A man accused of helping to manage a string of brothels across East Anglia denied any knowledge that prostitution was taking place at any of the properties he was involved with.

Norwich Crown Court has heard how brothels had been set up between 2006 and 2008, fronted by seemingly respectable businesses at the Cavendish Hotel, in Princes Road, Great Yarmouth, and a Chinese herbal medicine shop in Upper Orwell Street, Ipswich.

A third brothel operated out of a house in Chalk Hill Road, Norwich.

Shu Quin Wang, 54, of Princes Road, Yarmouth, has admitted conspiracy to manage brothels but her brother Jian Zhane Wang, 52, of the same address denies conspiracy to manage brothels and money laundering.

Giving evidence through an interpreter, on Wednesday Jian Wang told a jury he had no idea there was any prostitution going on.

He said he had come to Britain from China, in 2005, and claimed he had bought the house in Chalk Hill Road, in Norwich, as he wanted his daughter back in China to come to the University of East Anglia to study.

“I wanted my child to have a comfortable environment in which to study.”

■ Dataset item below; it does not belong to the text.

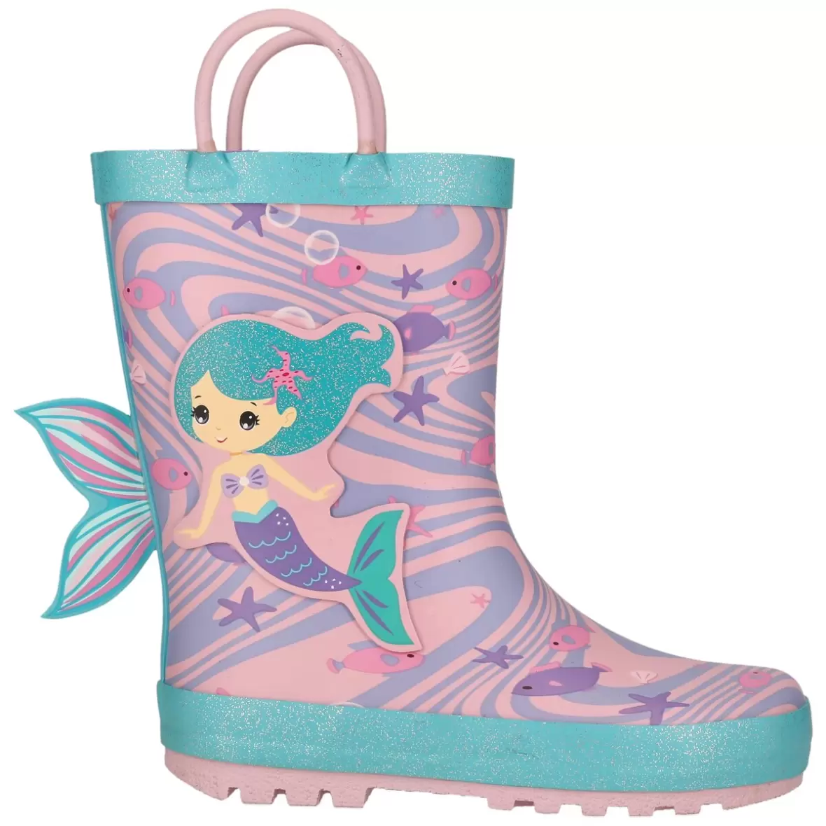 Det søde havfrue-design med fine detaljer giver støvlen et legende og eventyrligt udtryk, som mange børn vil elske. Samtidig er støvlen udstyret med praktiske håndtag øverst, så barnet nemt selv kan tage den af og på, hvilket gør den ideel til både hverdag og institution .

However he said her application was turned down and so he had rented out the four bed-roomed property to a range of different people.

Because he did not speak any English he said he left all the arrangements to his sister Shu Quin Wang and did not know it had been used as a brothel.

He said that he was a doctor specialising in orthopedic work and had worked for a short time at his sister’s business in Ipswich but said there was no work for him and he had then moved to the Cavendish Hotel, in Yarmouth, which his sister had bought with his help.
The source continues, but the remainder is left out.